2. The data augmentation method for multi-attribute word extraction according to claim 1, characterized in that, Step S3 includes: set Each subset is combined with the original training sample sentences to generate new training samples.
3. The data augmentation method for multi-attribute word extraction according to claim 2, characterized in that, Step S21 includes: Attribute word list ,in, a Indicates attribute words, n Indicates the total number of attribute words; For the list of attribute words After tagging each attribute word, a set of start and end position label pairs is generated. ,in, Indicates a tag pair, s Indicates the starting position of the text segment corresponding to the attribute word. e Indicates the end position of the text segment corresponding to the attribute word.

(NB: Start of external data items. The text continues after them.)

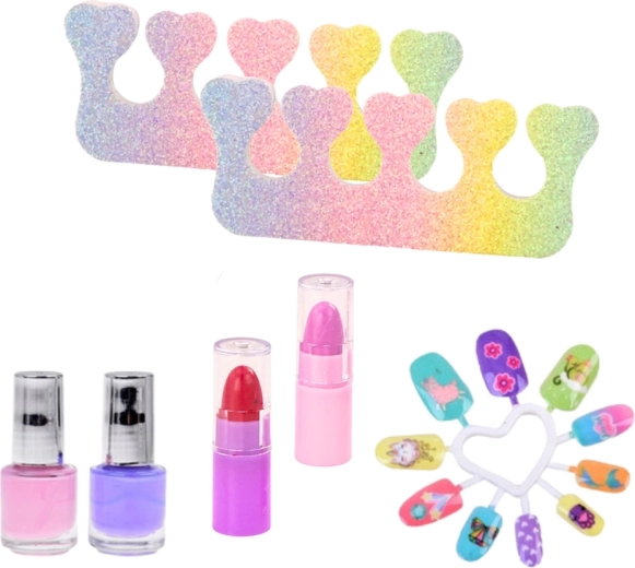 - Rikas sisu: 2× küünelakk, 2× laste huulepulk, 14× lauvärv, aplikaatorid, kleebised ja küünetipid, küüneviil, sõrme eraldajad ja muu.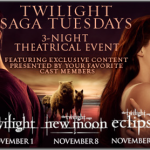 We just received the following press release from Summit Entertainment: NCM Fathom and Summit Entertainment celebrate the upcoming release of the most anticipated movie event of the year, The Twilight Saga: Breaking Dawn - Part I, by bringing back the first three Twilight Saga films for special … [Read More...]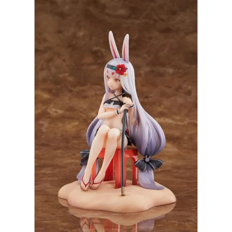 Fabricada en PVC de alta calidad por Elegant, esta figura destaca por su increíble nivel de detalle. Shimakaze luce un traje veraniego con orejas de conejo, un accesorio floral rojo en el cabello y sandalias rojas, todo sobre una base que simula arena. El acabado detallado de su cabello largo y lila le otorga un realismo impresionante.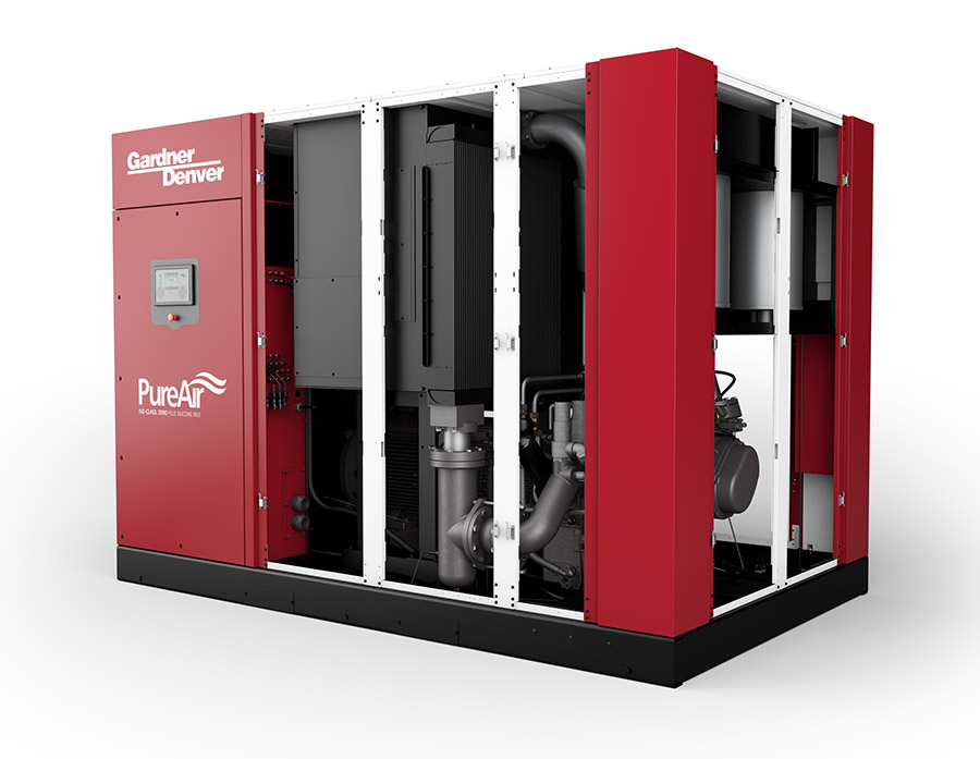Versiones de velocidad fija y regulada en el amplio rango de 200 a 355 kW, rango de presión 4 a 10 bar, caudal 11,5 a 53,3 m³/min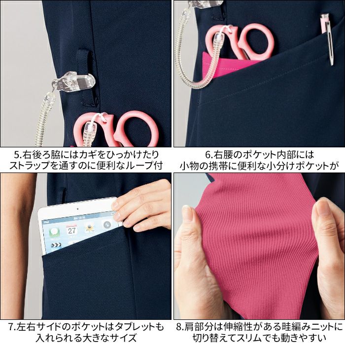 • ニット切り替えで着心地快適な女性用スクラブFOLK 7038SC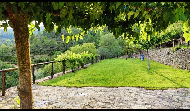 Der Außenbereich von Can de Toriña ist auf Erholung und Leben im Freien ausgelegt. Gäste können einen großen Garten mit Blick auf die Berge sowie mehrere Terrassen und schattige Sitzbereiche genießen.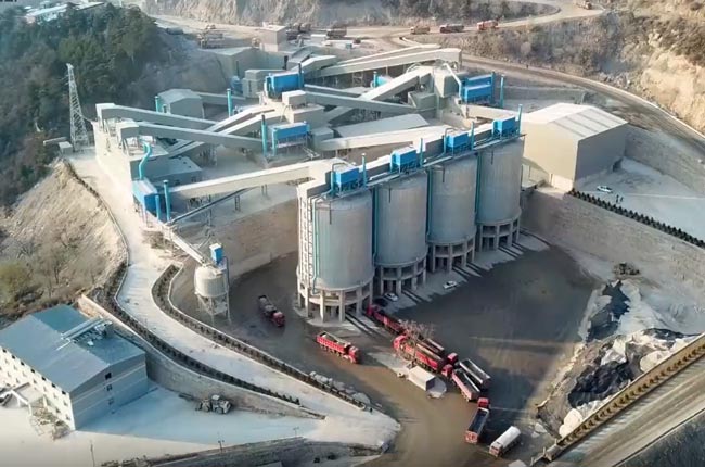 該時產1300噸石灰石生產線項目依照場地高低落差,砂石料加工設備的配置,主要道路運輸便捷性等合理規劃設計,將儲料罐設置在地勢偏低的場地,較大優化基建投資,減少投資消耗。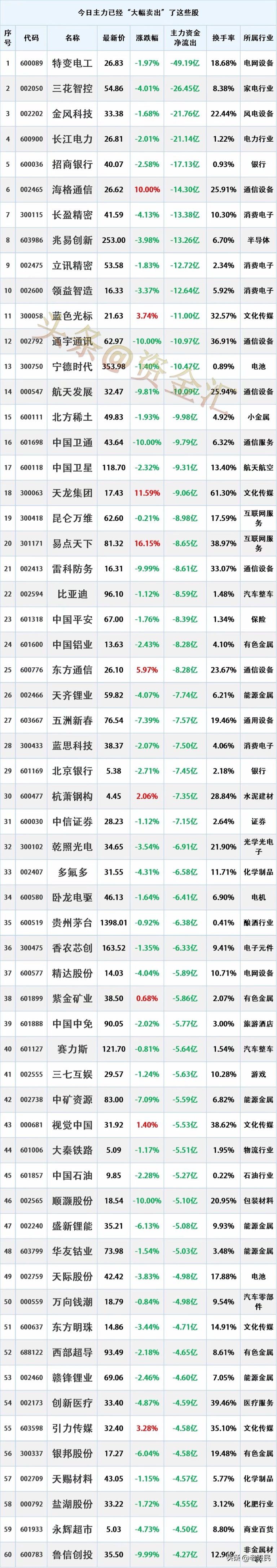 $盐湖股份(SZ000792)$ 1.14号主力资金大幅度出逃这些股

4. The data augmentation method for multi-attribute word extraction according to claim 3, characterized in that, Step S22 includes: The set of nonempty proper subsets ,in Represents a set of labels In m A set consisting of combinations of tag pairs.
5. A data augmentation method for multi-attribute word extraction according to claim 4, characterized in that, The total number of new training samples that can be generated from the original training sample sentence containing multiple attribute words. T Calculate as follows: 。 6. The data augmentation method for multi-attribute word extraction according to claim 1, characterized in that, Also includes: Adding new training samples to the original training set achieves data augmentation.